About this task:
Given the records below, the lines starting at the line with "Kay-Li Sambal Oelek Green 88% Chili 200g" and ending at the line with "Создатели игрушки добились" should be output exactly, both end lines kept and pictures left out.

Record excerpts:
►

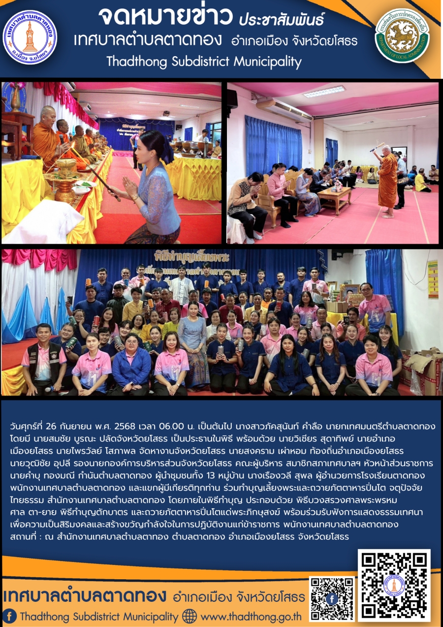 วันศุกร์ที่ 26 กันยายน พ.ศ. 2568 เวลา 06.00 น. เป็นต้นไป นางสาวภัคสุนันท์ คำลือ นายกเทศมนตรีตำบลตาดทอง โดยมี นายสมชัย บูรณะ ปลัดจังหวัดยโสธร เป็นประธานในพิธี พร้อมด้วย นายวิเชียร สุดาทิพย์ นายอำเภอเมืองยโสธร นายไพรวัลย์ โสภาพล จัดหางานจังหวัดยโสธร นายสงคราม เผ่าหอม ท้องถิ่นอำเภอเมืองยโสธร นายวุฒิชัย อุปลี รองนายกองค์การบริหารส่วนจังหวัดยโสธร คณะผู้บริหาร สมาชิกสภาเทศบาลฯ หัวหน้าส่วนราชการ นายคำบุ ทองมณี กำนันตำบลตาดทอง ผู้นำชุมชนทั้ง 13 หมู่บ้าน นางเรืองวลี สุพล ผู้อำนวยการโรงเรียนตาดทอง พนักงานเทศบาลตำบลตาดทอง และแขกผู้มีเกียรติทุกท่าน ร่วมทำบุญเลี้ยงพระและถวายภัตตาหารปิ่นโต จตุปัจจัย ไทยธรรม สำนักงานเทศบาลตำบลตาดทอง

◄
►

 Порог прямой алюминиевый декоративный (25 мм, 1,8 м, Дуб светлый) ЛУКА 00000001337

◄
►

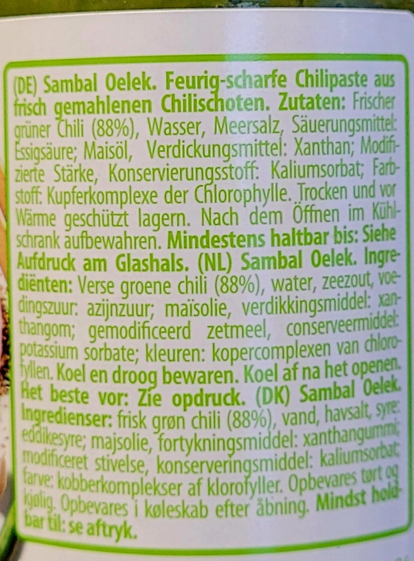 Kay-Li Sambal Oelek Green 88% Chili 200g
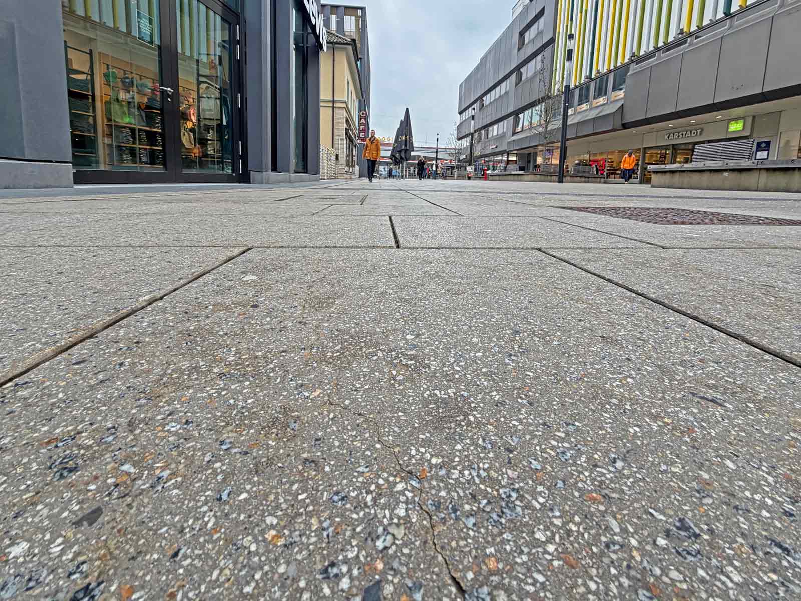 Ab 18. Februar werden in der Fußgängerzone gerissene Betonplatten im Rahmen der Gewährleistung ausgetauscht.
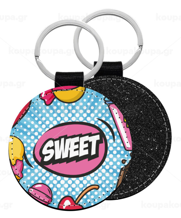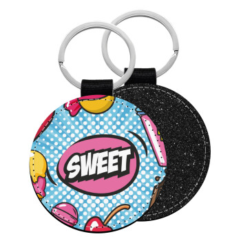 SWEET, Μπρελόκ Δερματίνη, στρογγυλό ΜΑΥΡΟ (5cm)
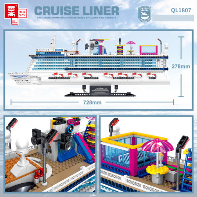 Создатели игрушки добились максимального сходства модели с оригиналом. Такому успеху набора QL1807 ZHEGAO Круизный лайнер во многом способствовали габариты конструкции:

◄

Solved exercise:
 Kay-Li Sambal Oelek Green 88% Chili 200g
 Ab 18. Februar werden in der Fußgängerzone gerissene Betonplatten im Rahmen der Gewährleistung ausgetauscht.
 SWEET, Μπρελόκ Δερματίνη, στρογγυλό ΜΑΥΡΟ (5cm)
 Создатели игрушки добились максимального сходства модели с оригиналом. Такому успеху набора QL1807 ZHEGAO Круизный лайнер во многом способствовали габариты конструкции:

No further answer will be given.